Last night, a group of over 1,500 protestors showed up on that same campus to shut down a speaker with whom they disagreed, and about 150 of them started a riot.
Clearly, the culture of tolerance on college campuses has changed quite a bit since 1964.
Last night, Breitbart News editor Milo Yiannopoulos stopped by the UC Berkeley campus on his college tour to talk about the importance of free speech, yet was met with shocking hostility that led to violence.
He is well known for criticizing the “social justice left” in a very provocative manner that elicits a strong response from the campuses he visits. He is no stranger to disruptive protests outside his events.
However, the new violent nature of these protests prompts a discussion over whether or not the school should be a recipient of federal funds.
Videos have surfaced of a crowd of protestors beating a man unconscious and lighting a massive fire, which led to the cancellation of Yiannopoulos’ speaking engagement by the university.
Yet as of last night, campus police remained minimally involved in containing the riots, with the police chief saying she was not aware of any arrests made.
This soft response seems odd in light of UC Berkeley’s statement this morning, which affirmed the importance of free speech:
Campus officials [said] that they regret that the threats and unlawful actions of a few have interfered with the exercise of First Amendment rights on a campus that is proud of its history and legacy as the home of the Free Speech Movement.
If UC Berkeley is so dedicated to protecting Yiannopoulos’ free speech, why the weak response?
The riots were violent enough to elicit a response from President Donald Trump, who tweeted out, “If U.C. Berkeley does not allow free speech and practices violence on innocent people with a different point of view – NO FEDERAL FUNDS?”
Indeed, American taxpayers should be well aware of where their money is going.
UC Berkeley is a public institution that receives federal dollars, yet it appears to allow violence, censorship, and holds contempt for the Constitution and the rule of law.
UC Berkeley is a public institution that receives federal dollars.
Yet on Jan. 26, the university’s chancellor issued a statement saying that Yiannopoulos had “been widely and rightly condemned for engaging in hate speech” and added that “Mr. Yiannopoulos’s opinions and behavior can elicit strong reactions and his attacks can be extremely hurtful and disturbing.”
Hardly impartial statements.
This is not the first time lawmakers have called for federal funds to be withheld from Berkeley, California.
In 2008, Heritage Foundation President and former Sen. Jim DeMint called for federal funding to be revoked from the city after the Berkeley City Council voted to remove a Marine Corps recruiting center from the city.
As DeMint said, “The First Amendment gives the city of Berkeley the right to be idiotic, but from now on they should do it with their own money.”
No city and no university campus should turn a blind eye to the rule of law in order to promote their political agendas. Indeed, the acceptance of federal funds should require an adherence to the basic rights guaranteed Americans in the Constitution—and that includes the First Amendment.

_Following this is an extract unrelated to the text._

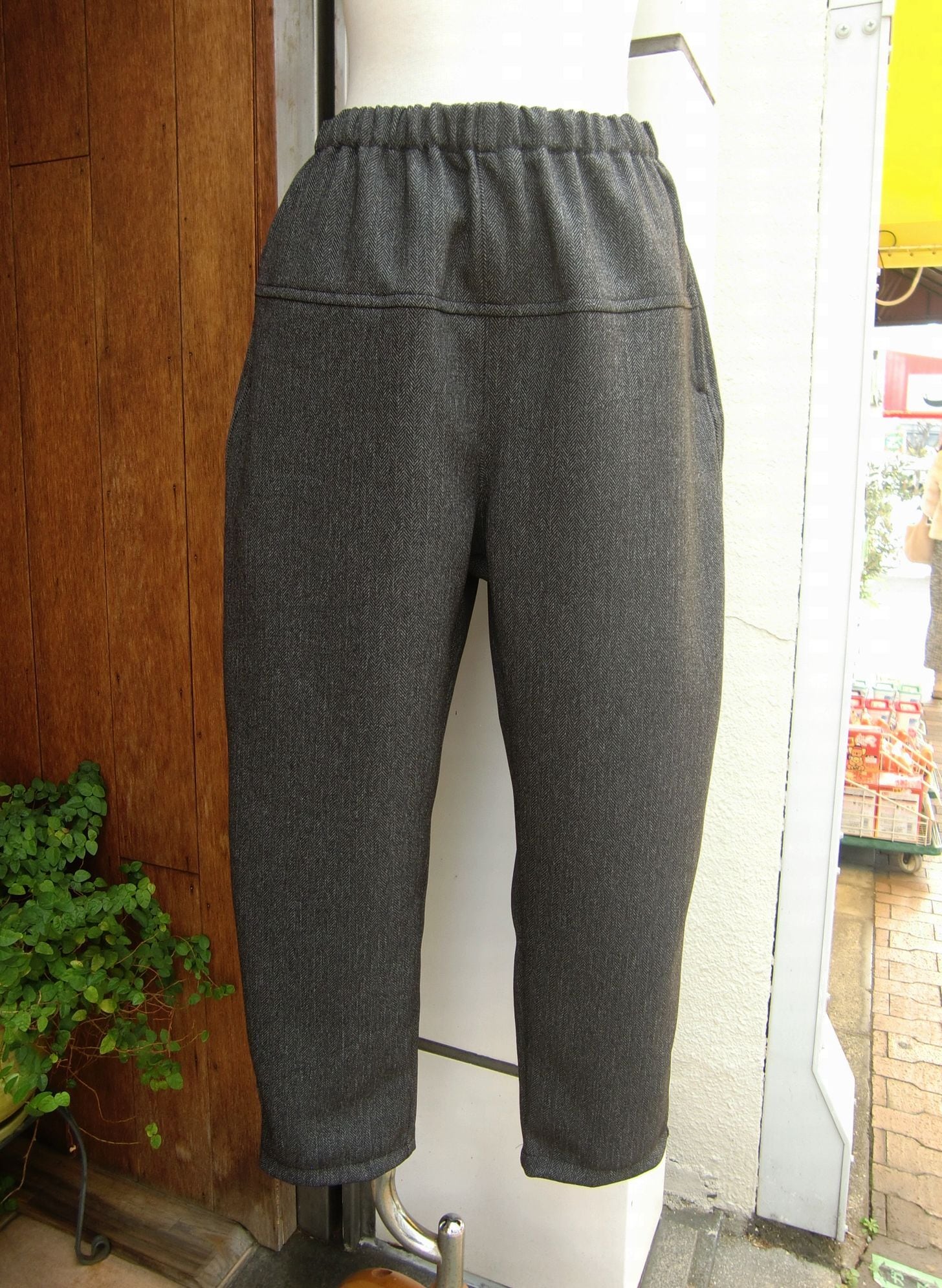 ウエストはゴム+スピンドル仕様のストレスフリーパンツ。
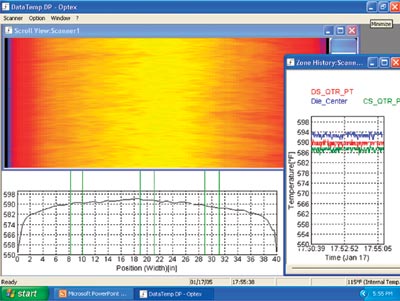 圖4:熱像圖顯示了紙張的相對濕度。 風冷爐是一個有很多洞的平板,冷風從洞向上吹到玻璃片上,冷風迅速使玻璃“解凍”,使玻璃鎖定在一個均衡的應變場中,這個應變場由退火溫度和退火率決定,這個均衡的應力場促成了鋼化玻璃的特性。 Matukonis說:“我們通常把掃描儀置於熔爐和風冷爐之間,在那一點上,我們可以找出整張玻璃片的溫度變化梯度。” ganghuabolidegongyikongzhishitongguorongluneiyixilieanzhuangzaichuansongdaishangfangdefushejiareyuanjianshixiande。meiyigejiareyuanjiandouyouyigeshiyongredianouzuoweichuanganqidebilikongzhiqi。zhenggegongyikongzhishitongguojiyuPC機的係統來完成的,而係統通過Profibus與比例控製器通訊。 加熱元件的設定值在600-700 ℃區間變化,改變每一個加熱元件的溫度,就可以校正整塊玻璃的溫度一致性,而這塊玻璃最終溫度是由它在熔爐中的時間決定的(這個時間由傳送帶的速度決定)。如果傳送帶的速度較慢,則玻璃在爐中的時間較長,所以玻璃就可以達到較高的最終溫度。 與Christie的膠片積壓成型應用一樣,熱像儀使Matukonis能neng夠gou監jian測ce熔rong爐lu和he風feng冷leng爐lu中zhong間jian的de溫wen度du,此ci處chu的de溫wen度du是shi最zui關guan鍵jian的de。目mu前qian,隻zhi有you熱re像xiang儀yi可ke以yi將jiang溫wen度du數shu據ju的de的de時shi間jian域yu變bian化hua轉zhuan換huan成cheng空kong間jian表biao達da方fang式shi采cai集ji進jin來lai。而er且qie,和he承cheng料liao網wang的de應ying用yong一yi樣yang,由you於yu既ji可ke以yi知zhi道dao片pian料liao的de最zui終zhong溫wen度du,又you可ke以yi知zhi道dao片pian料liao上shang的de溫wen度du變bian化hua梯ti度du,這zhe使shi得deMatukonis可以調整加熱器的設定值,是控製係統流暢運作。 從輔助變成主要 kongzhigongchengshiyijingzhuyidaolerexiangyinenggouyouhuakongzhihuanlushedingzhidetedian,namexiayibujiushibarencongzhegekongzhihuanluzhongquchu。tamenjiangkaifayizhongsuanfa,shiguochengkongzhinenggouzidongyunxing,tongshizengjiakongzhidejishu,shizidongshengchanxitongjubeigenggaodelubangxing。 工廠中把熱像儀作為一種獲得定量信息的主要傳感器,它可以幫助工程師調整過程控製,未來的係統會給熱像儀配備可編程自動控製器(PACs),用於計算適宜的設定值,傳給每個過程控製的PID控製器。這些熱像儀用來收集空間域和時間域的溫度數據,而PACs用於分析這些數據,並將其轉化成更加直接的過程參數,例如坡度、液位和控製係統穩定性。這種係統會優化整個生產過程,最佳化質量和產量。 |

The threats to freedom of speech on college campuses are disturbing and warrant a response.
On Tuesday, Stanley Kurtz along with Jim Manley and Jonathan Butcher of the Goldwater Institute presented model state legislation at The Heritage Foundation to combat censorship and restriction of free speech on college campuses, which is intended to silence any dissenting views on political and social issues.
If adopted, this state-level legislation would require universities to open their doors to all invited speakers and reaffirm their commitment to free speech.
This is an important first step in restoring respect for constitutional rights in our university systems, something that is essential to preserving the free flow and vigorous debate of ideas that is fundamental to thriving academic institutions.
On the federal level, lawmakers should consider policies that limit federal subsidies to institutions that are hostile to free speech and who allow violence, threats, and intimidation of speakers and students to occur without consequence.
Taxpayers, who are already on the hook for $1.3 trillion in outstanding student loan debt should not continue to provide funding for universities that do not offer First Amendment protections to their students and guests.
Hopefully, such legislative responses will restore our universities to being places of thoughtful debate, where opposing views are met with respect and civil debate, rather than riots.